§ **Work instruction**
Transcribe the entries exactly. Start at the top, stop after the line with "- 3/9(日)アクアビクス・背泳ぎ・ラクロールインターバル2025/03/09(日)グループレッスン アスリエ大倉山にて開催", and omit every picture.

[[ Input data open ]]

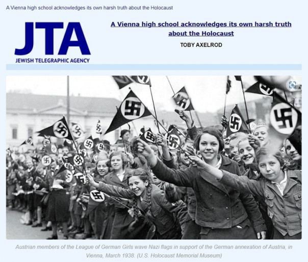 3. Публикация той же фотографии на сайте «Еврейского телеграфного агентства» с исторически достоверной подписью: «Австрийские члены Союза германских девушек размахивают нацистскими флагами в знак поддержки германской аннексии Австрии (Вена, март 1938 года).
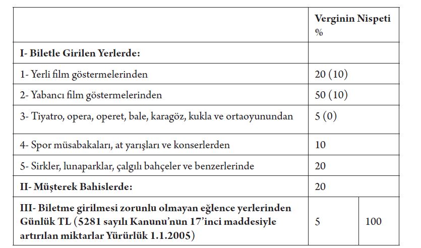 Tablo 4: Eğlence Vergisi (Biletle Girilen Yerlerde)…
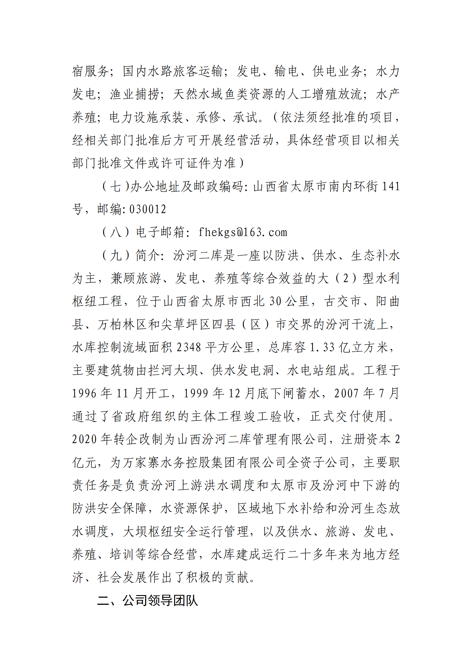 山西汾河二庫管理有限公司
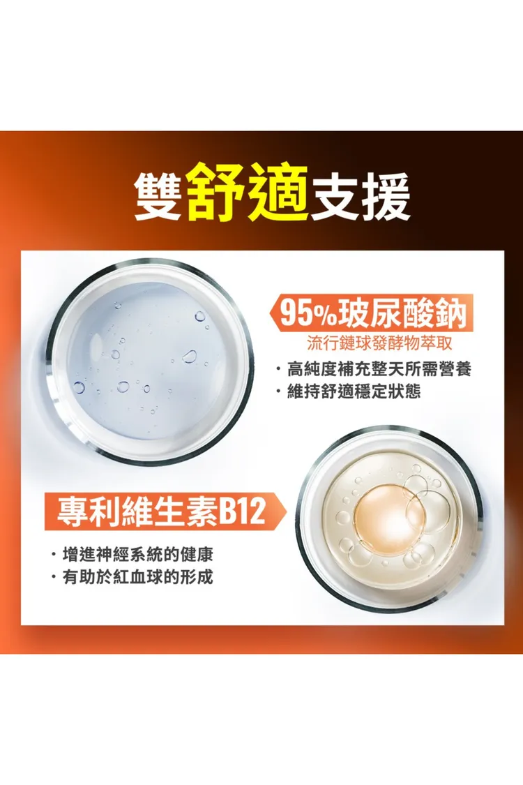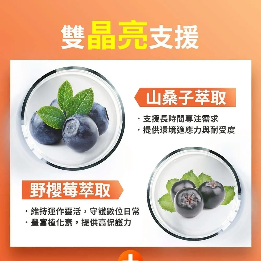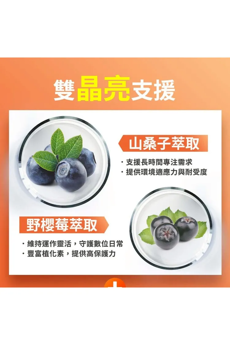 支援 : 野櫻莓萃取+山桑子萃取+維生素B12+玻尿酸鈉
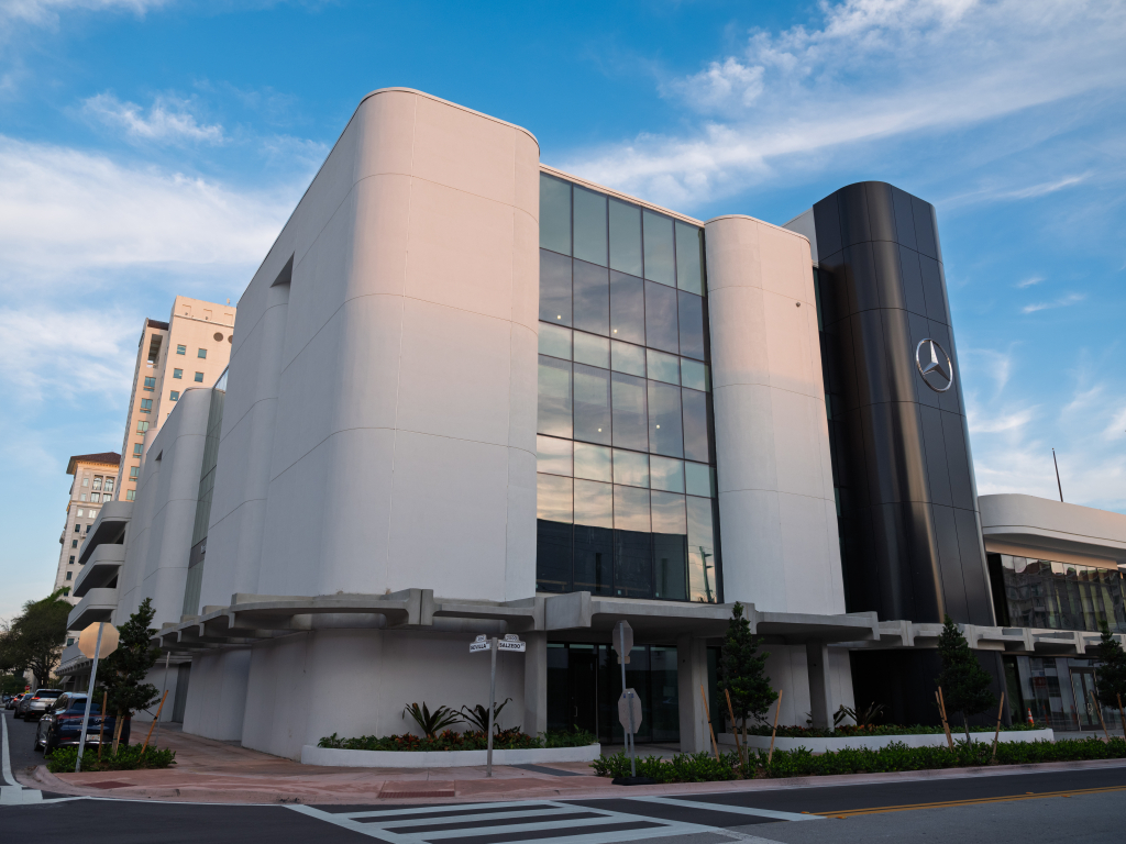what is known as Brutalist architecture, the building was saved by Bill Ussery Motors, which operated the Mercedes-Benz dealership across the street. The building had been bought by developer Armando Codina, but he swapped it with Mercedes for a nearby property where he could build his Regency Parc luxury apartment building. Mercedes then converted it to offices and a parking garage for their inventory, painting the tawny concrete structure white as part of its transformation.
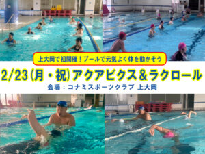 - 3/9(日)アクアビクス・背泳ぎ・ラクロールインターバル2025/03/09(日)グループレッスン アスリエ大倉山にて開催 ①アクアビクス ②背泳ぎ ③ラクロールインターバル
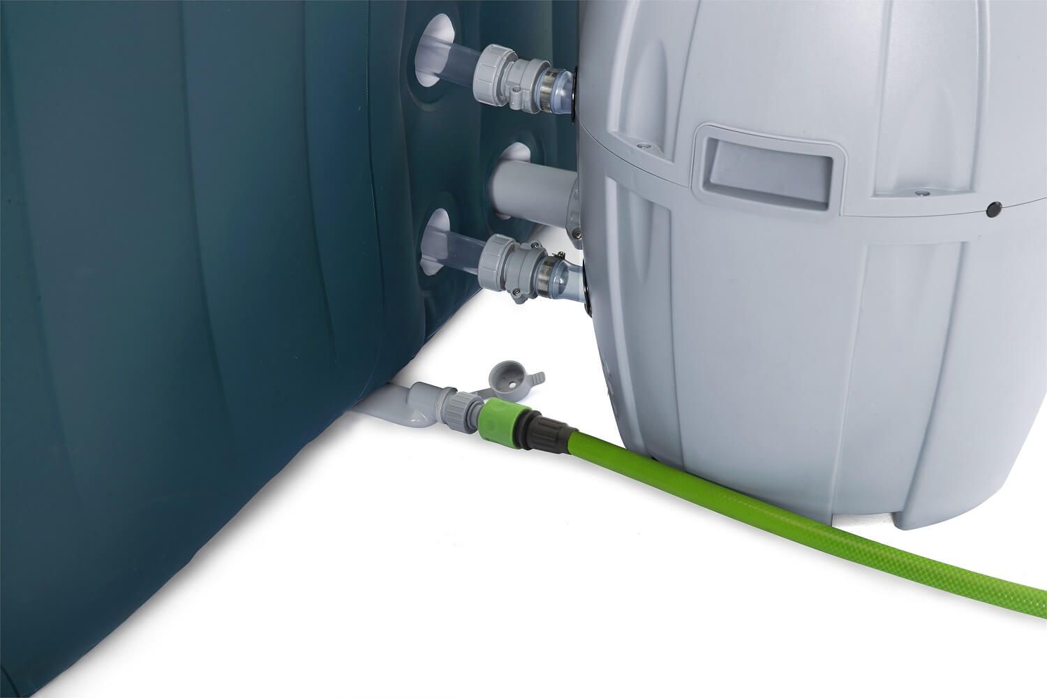 A medence megerősített fedéllel rendelkezik, melyet biztonsági hevederek rögzítenek az extra szigetelés érdekében. A komplett csomag tartalmaz pumpát is a felfújáshoz, valamint ChemConnect ™ vegyszer adagoló rendszert. A ChemConnect ™ adagoló tiszta, egészséges vizet és stabil klórszintet biztosít, amely egyenletesen eloszlik az egész medencében.
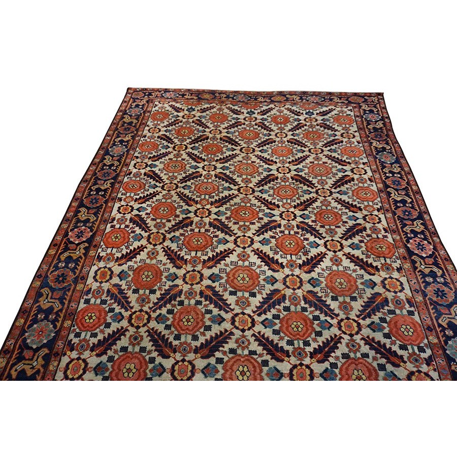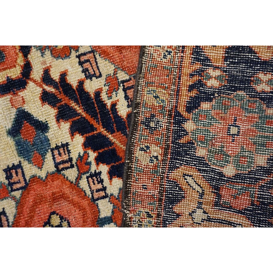DescriptionSultanabadArak province in western Iran encompasses the town of Sultanabad and various satellite villages, all of which weave for export:the sarouk, Mahal and MushKabad. The latter two grades comprise the sultanabad production. Virtually all are large carpets, up to 16 x 25, with overall, or medallions on decorated or open fields, in soft to bright colors on a cotton foundation, the pile is lowish. The design corpus includes the ever popular Herati, the Harshang palmette motif, rosettes and arabesques, small repeated medallions, etc. The weave varies from coarse to medium. Today, the soft colored pieces with bold patterns are particularly favored. Prices range widely, low for commercial pieces 50 years old, astronomical for light colored Zieglers (see below). | |
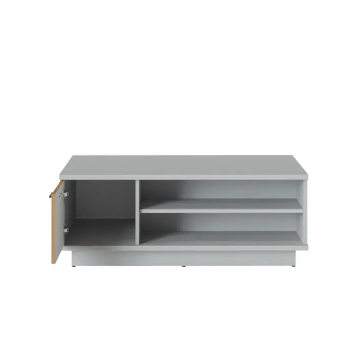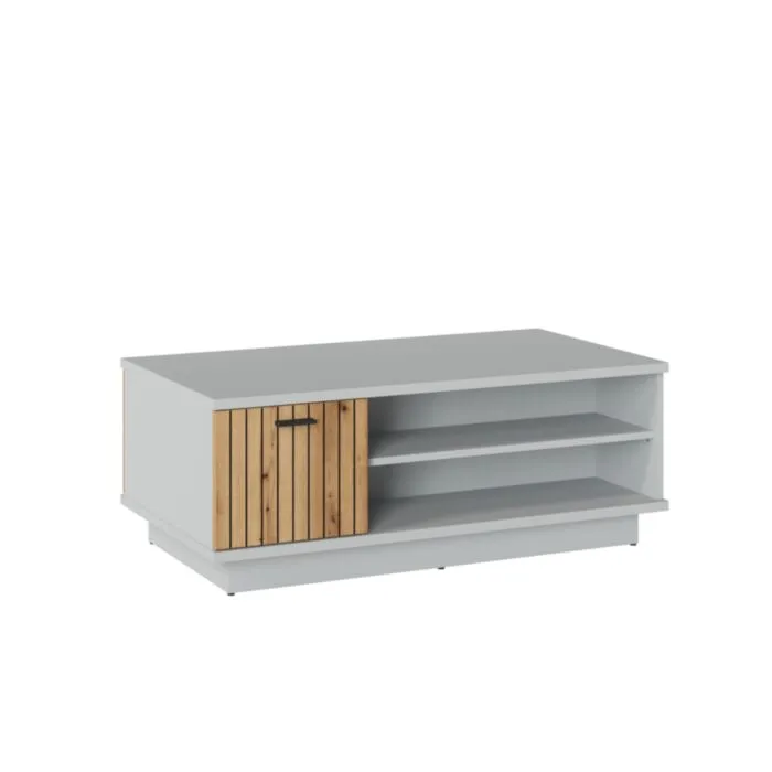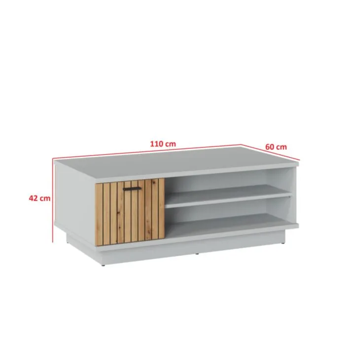 Miza ima dve priročni polici za shranjevanje revij, knjig ali daljinskih upravljalnikov, poleg tega pa vsebuje tudi predal z edinstvenim, rahlo izbočenim hrastovim detajlom, ki dodaja pridih elegance in izjemno teksturo. S svojim praktičnim dizajnom in estetsko privlačnostjo je ta miza idealen dodatek za organiziran in stilno opremljen dnevni prostor.

[[ Input data closed ]]

§ **Written response**
 3. Публикация той же фотографии на сайте «Еврейского телеграфного агентства» с исторически достоверной подписью: «Австрийские члены Союза германских девушек размахивают нацистскими флагами в знак поддержки германской аннексии Австрии (Вена, март 1938 года).
 Tablo 4: Eğlence Vergisi (Biletle Girilen Yerlerde)…
 山西汾河二庫管理有限公司
 支援 : 野櫻莓萃取+山桑子萃取+維生素B12+玻尿酸鈉
what is known as Brutalist architecture, the building was saved by Bill Ussery Motors, which operated the Mercedes-Benz dealership across the street. The building had been bought by developer Armando Codina, but he swapped it with Mercedes for a nearby property where he could build his Regency Parc luxury apartment building. Mercedes then converted it to offices and a parking garage for their inventory, painting the tawny concrete structure white as part of its transformation.
 - 3/9(日)アクアビクス・背泳ぎ・ラクロールインターバル2025/03/09(日)グループレッスン アスリエ大倉山にて開催 ①アクアビクス ②背泳ぎ ③ラクロールインターバル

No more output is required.